アルファベット表記では「Barok van Zieks」。
大英帝国の法曹界では、偉大なる貴族・バンジークス家の血をひく、倫敦で最も優秀な検事とされていると同時に、 《死神》 と呼ばれる伝説の検事としても広く名が知れており、「彼の法廷に立つ被告人は、決して“助かることはない”。」といわれている。
過去に日本人との間で何かしらのトラブルが発生したらしく、日本人に対して異常なまでの憎しみを抱いており、法廷で対峙した日本人留学生の成歩堂も彼の強烈な敵意を感じ取っている。
人物
容姿
眉間のバツ印の傷が特徴的な、やや陰気な雰囲気の男性で、成歩堂の第一印象によると、「生命を吸い込まれそうな“闇”の冷気をまとっている」とのこと。
金色の装飾などで高貴さを漂わせた黒い服とともに、右側の腰にはサーベル、左胸には亡き兄の《検事章》を身につけている他、時折黒いマントやシルクハットを身につけることもある。
執務室
彼の執務室は不吉で格調高く、誰か死んでそうなフンイキだとウワサされており、薄暗い部屋のフンイキと彼のイメージに合わせてか、室内に蝙蝠が棲みついている。
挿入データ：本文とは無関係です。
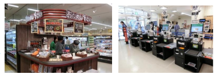 その他、「おためし下さい」コーナーでは、気になる商品を試食できるほか、専任スタッフが商品を紹介する。チェックアウトにはレジ係がいる「お支払いセルフレジ」と、「セルフレジ」を19台導入しているあ。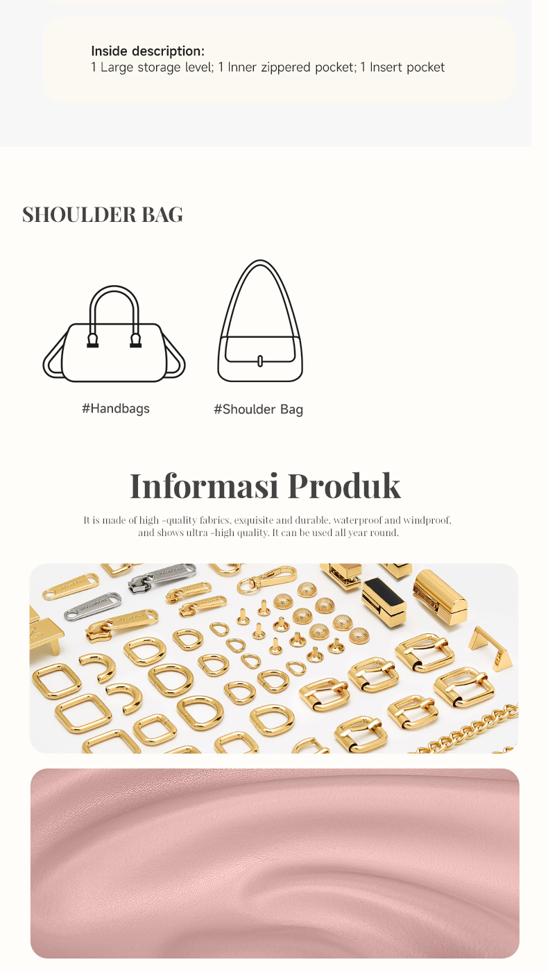 - Struktur internal: saku penyimpanan besar *1 Saku ritsleting*1, saku sisipan * 1,tali bahu dengan tinggi sekitar 55-72 cm (dapat disesuaikan dan dilepas)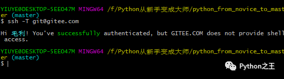 ssh -T git@gitee.com首次使用需要确认并添加主机到本机SSH可信列表。若返回 Hi XXX! You've successfully authenticated, but Gitee.com does not provide shell access. 内容,则证明添加成功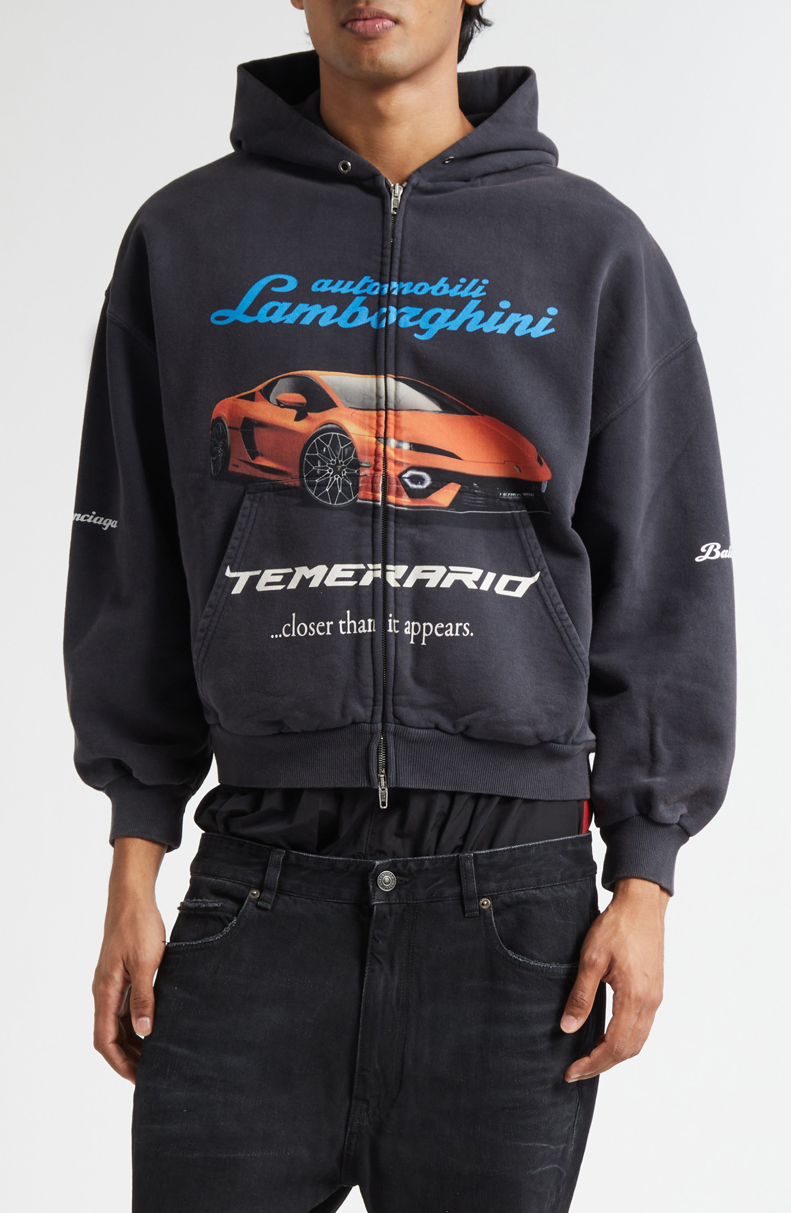 Men's Balenciaga I Automobili Lamborghini Zip-up Hoodie Small Fit in Black Faded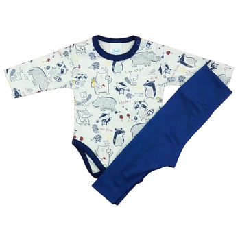 2 részes kisfiú szett mosómedvés mintával A kisfiúk divatjának legújabb trendjét képviseli ez a 2 részes szett, amelynek minden darabja Magyarországról származik. Az összeállításban található hosszú ujjú body és kényelmes baba nadrág igazán vagány és kispasis hangulatot kölcsönöz viselőjének. Mindkét darab finom pamut anyagból készült, a nadrág rugalmas pamutja pedig szabad mozgást biztosít a babának. A szett kiváló minőségű, jól mosható, szín- és formatartó anyaga miatt nemcsak a babák, de az anyukák kedvence is lesz! A body 100% pamutból, a nadrág 90% pamutból és 10% elasztánból készült, ezáltal biztosítva a kiváló minőséget. A termék nikkelmentes patenttal készül, így az érzékeny babák sem fognak allergiás reakciót tapasztalni. Minőségi magyar termék Minőség: I. osztály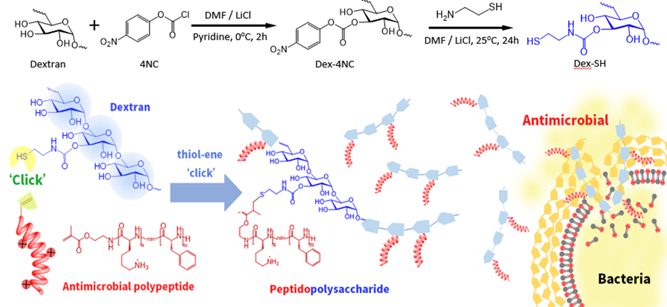 图1.DexL-g-K12.5F12.5-50%肽多糖的合成及抗菌作用。(来自Biomacromolecules)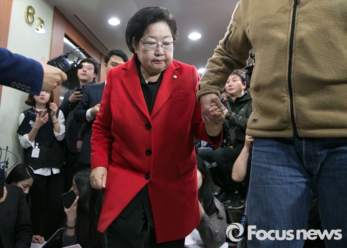 (서울=포커스뉴스) 김무성 새누리당 대표가 당 공천관리위원회의 결정에 반발해 유승민 의원 등 지역구 6곳에 대해 무공천을 선언해 갈등이 이어지고 있는 25일 오전 서울 여의도 당사에서 열린 비공개 최고위원회의에 김을동 최고위원이 참석하고 있다.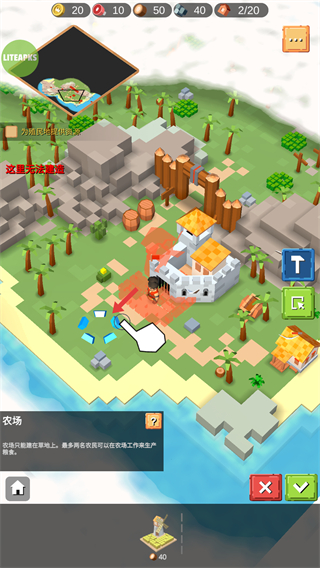 3、操作后界面會顯示【這里是農場】的提示,同時建筑區域按著箭頭移動至指定區域,才能進行建造。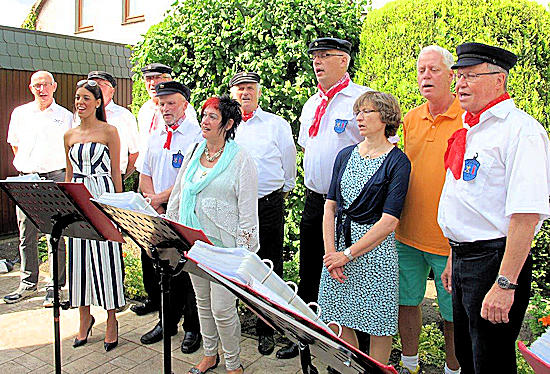 | Vor dem eigendlichen Empfang, sangen wir für den Jubilar und seine Familie. |
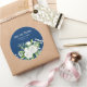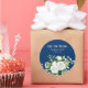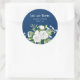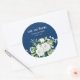 White Roses and Baby's Breath on Navy Blue Wedding Classic Round Sticker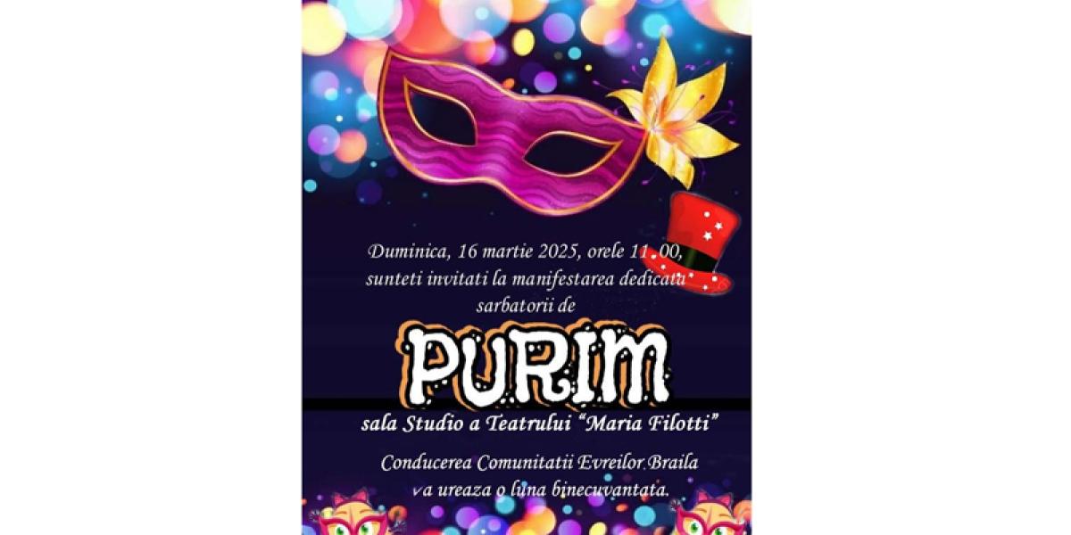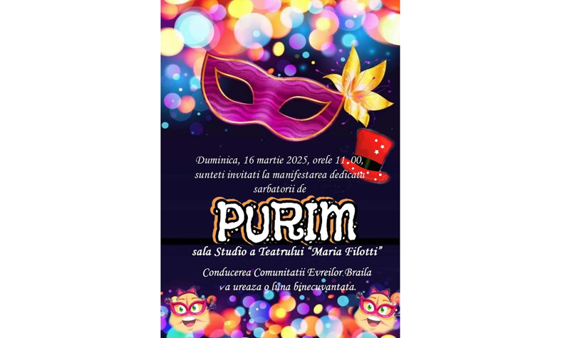 Comunitatea Evreilor Brăila - una dintre cele mai vechi comunități israelite din România - îi invită pe brăilenii de toate vârstele duminică, 16 martie, de la ora 11.00, în Sala Studio a Teatrului „Maria Filotti”, din Centrul Istoric al Municipiului Brăila, pentru a participa la sărbătoarea PURIM.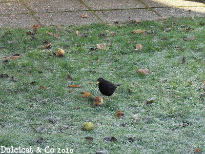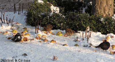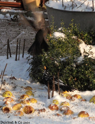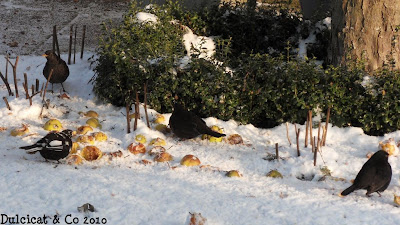 Nevou mais uma vez e encontrar comida é um desafio de todos os dias para os melros, estorninhos e outros pássaros.Para ajudá-los a sobreviver: maçãs, sementes e restos de comida como arroz, maça, pão etc. É um grande prazer para nós de contribuir as suas sobrevivências no inverno.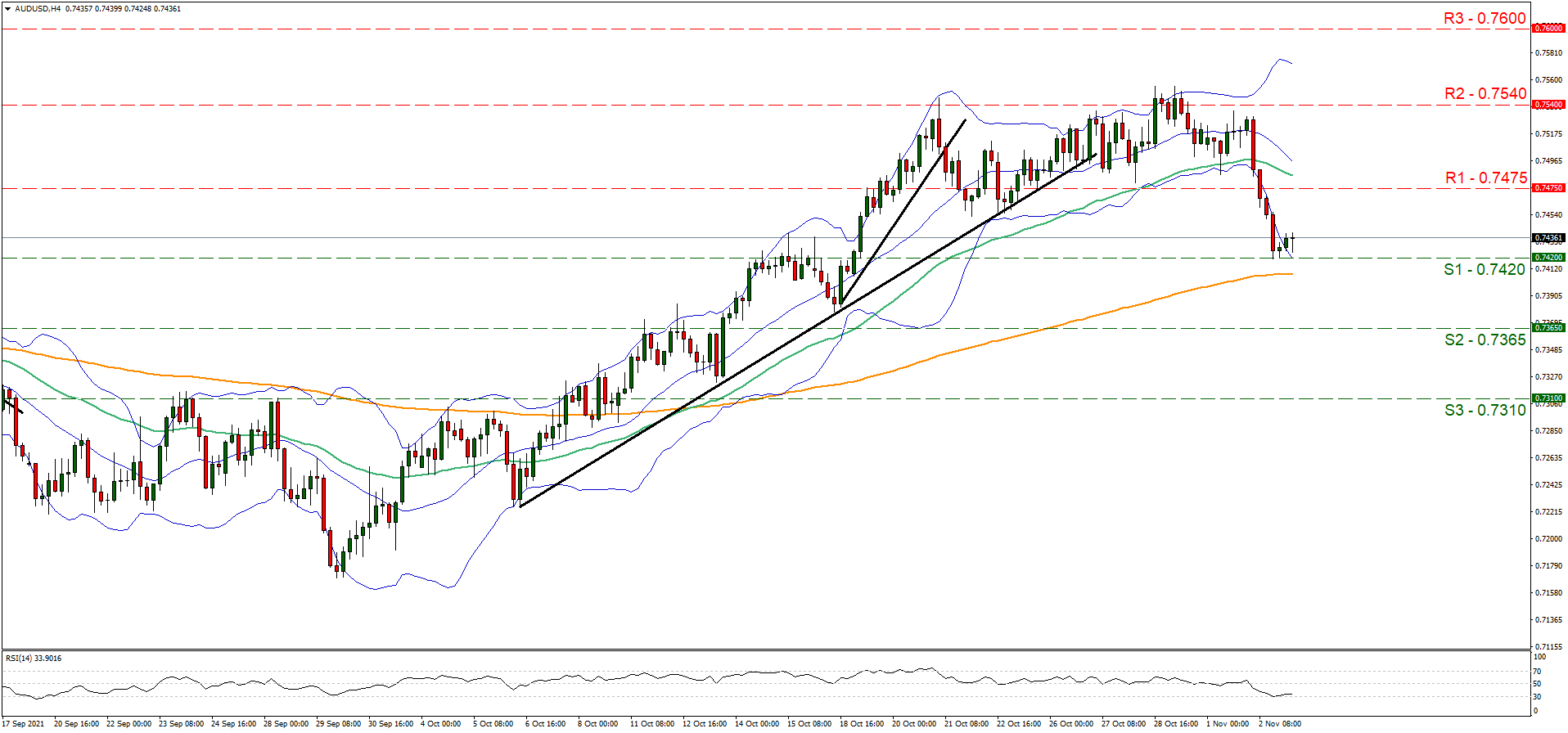 AUD remained soft yesterday against the USD as RBA’s dovishness as displayed in yesterday’s monetary policy decision seemed to continue to weigh on the Australian currency. Fundamentally the tensions in the French-Australian relationships made headlines, yet that seemed not to worry the markets. It should be noted that Aussie traders during tomorrow’s Asian session are to have a busy day as we note the release of September’s trade data as well as the retail trade growth rate for Q3. On the other hand, the Kiwi got some support against the USD during today’s Asian session as Q3’s employment data were quite solid with the unemployment rate dropping beyond expectations and job growth rate accelerating instead of slowing down. It should be noted that RBNZ Governor Adrian Orr is reported to have stated earlier today that global inflationary pressures could lead to higher interest rates, which could underscore the bank’s hawkish profile and support NZD.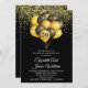 Una elegante invitación de aniversario de bodas dorada sobre fondo negro que presenta globos y confeti dorados y negros con tipografía de escritura blanca contrastada con tipo sans serif clásico. Esta invitación tiene un toque festivo con contraste audaz y estilo moderno. Personalice para cualquier año de aniversario de cumpleaños; 10, 30, 40 o 50.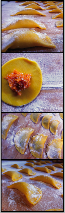 richiudere a metà. Far aderire bene i bordi affinchè non si aprano nella cottura. Una volta finito, lasciare asciugare i tortelli su una spianatoia per circa un’ora.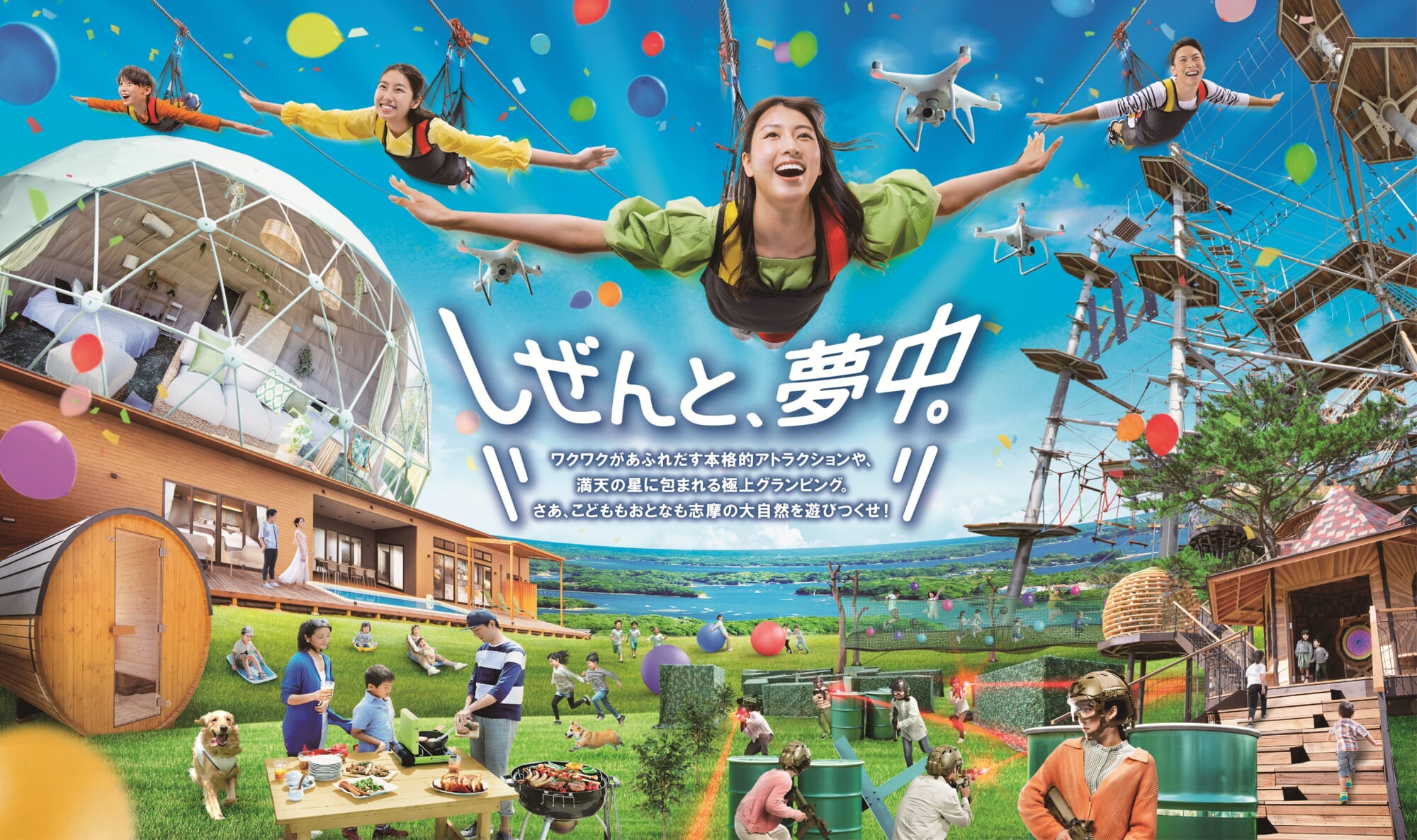 Kompleks resort yang menggabungkan glamping dan berbagai atraksi, tempat pengunjung bisa menikmati alam bebas Ise-Shima!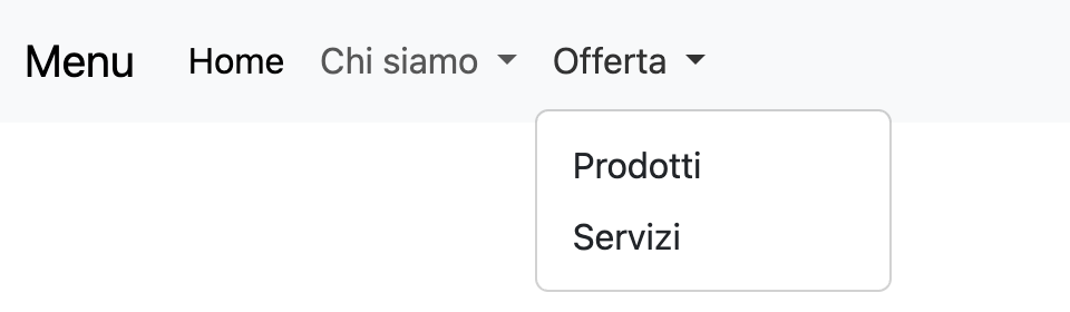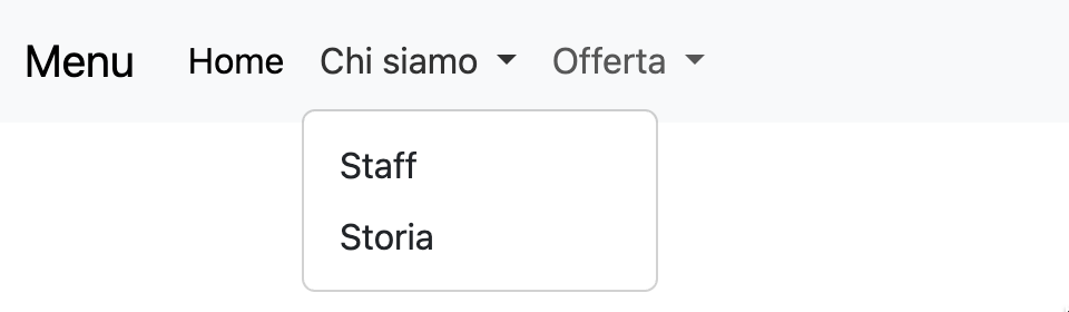Utilizzando il componente navbar di Bootstrap (https://getbootstrap.com/docs/5.3/components/navbar) realizzare un menu per il sito che ha questa struttura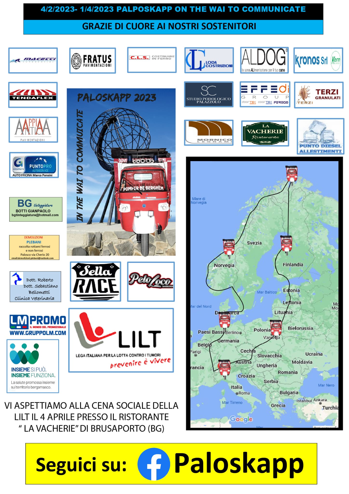 Dovevamo aspettarcelo: dopo l’impresa del 2018 con “Aperitivointour”, un viaggio di 7000 Km per tutta l’Italia, per parlare di prevenzione visitando le diverse sedi LILT e le caserme dei Vigili del Fuoco suoi colleghi, ecco il nostro Sergio Cascio con una nuova proposta: un’ avventura fino a Capo Nord, con il piccolo Apecar, opportunamente attrezzato, ma pur sempre un Apecar, viaggio al quale ha dato il suo patrocinio anche la LILT Nazionale. Al suo arrivo consegnerà alle autorità locali una copia del libro del Centenario di LILT Nazionale e una copia dei 90 anni di LILT Bergamo Onlus.

また、《神の聖杯》と称するクリスタルの杯、紅い飲み物が入った《神の瓶》と称する瓶や、『葡萄酒』の《樽》が並べられている。杯には職人たちの技術の粋が込められていたり、飲み物が彼が葡萄園で選び抜かれた“逸品”であったりなど、強いこだわりを持っている。
その他、大理石のチェス盤も置いてあり、チェスもたしなんでいると思われる。
能力
裁判では基本的に名の知れた大悪人や、凶悪犯罪など、社会への影響力が大きな事件を扱っている。
証拠品のねつ造や証人との裏取引といった不正は一切行わない至極真っ当な検事であり、さすがとも言える優秀な手腕で審理を進めていく。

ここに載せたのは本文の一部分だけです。